Supplied information>
----------

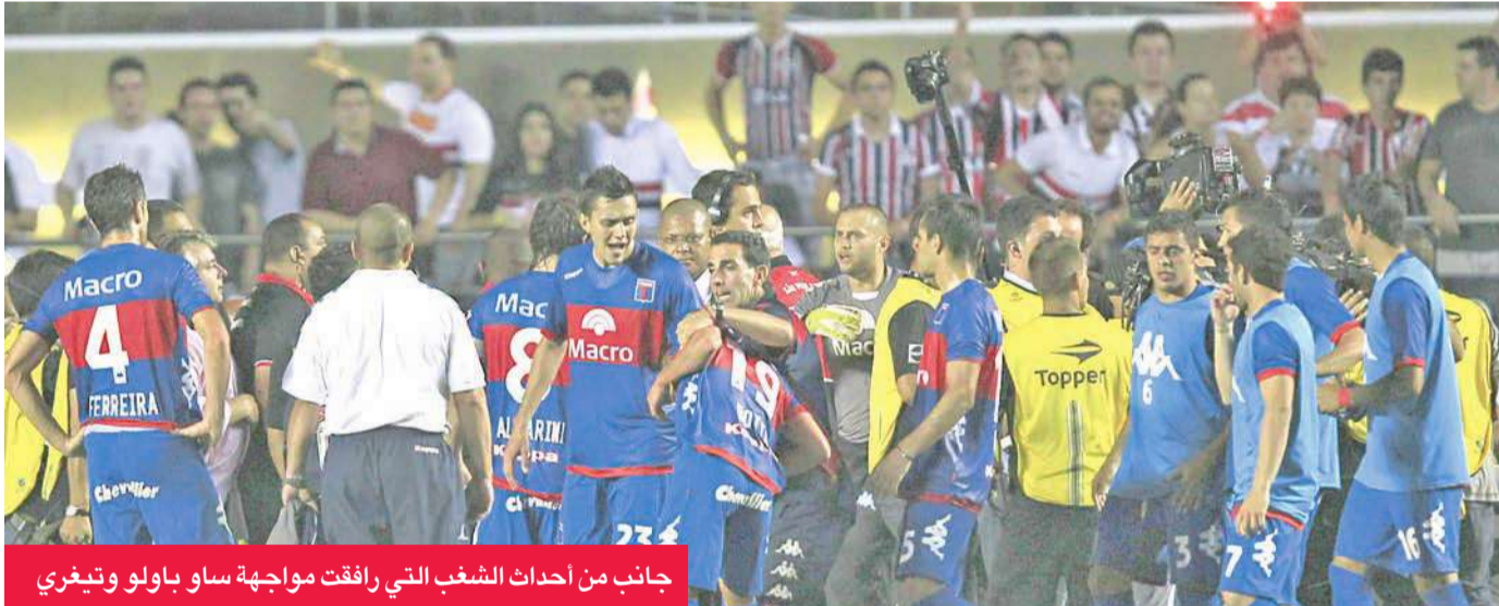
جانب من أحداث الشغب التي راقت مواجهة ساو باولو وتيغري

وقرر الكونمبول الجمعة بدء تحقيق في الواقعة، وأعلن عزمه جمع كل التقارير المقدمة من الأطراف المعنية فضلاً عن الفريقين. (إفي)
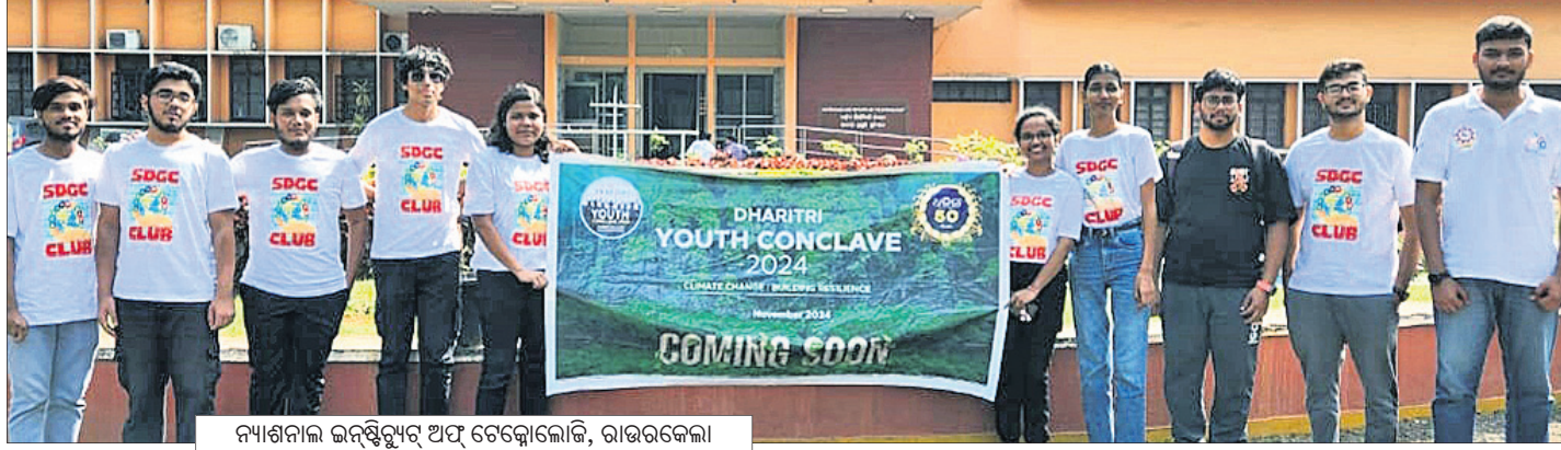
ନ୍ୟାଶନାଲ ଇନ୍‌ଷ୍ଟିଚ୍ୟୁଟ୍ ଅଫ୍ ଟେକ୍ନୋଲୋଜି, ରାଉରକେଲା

----------

What you will do> Every line above should be copied exactly, apart from any pictures.

Exercise result>
جانب من أحداث الشغب التي راقت مواجهة ساو باولو وتيغري

وقرر الكونمبول الجمعة بدء تحقيق في الواقعة، وأعلن عزمه جمع كل التقارير المقدمة من الأطراف المعنية فضلاً عن الفريقين. (إفي)
ନ୍ୟାଶନାଲ ଇନ୍‌ଷ୍ଟିଚ୍ୟୁଟ୍ ଅଫ୍ ଟେକ୍ନୋଲୋଜି, ରାଉରକେଲା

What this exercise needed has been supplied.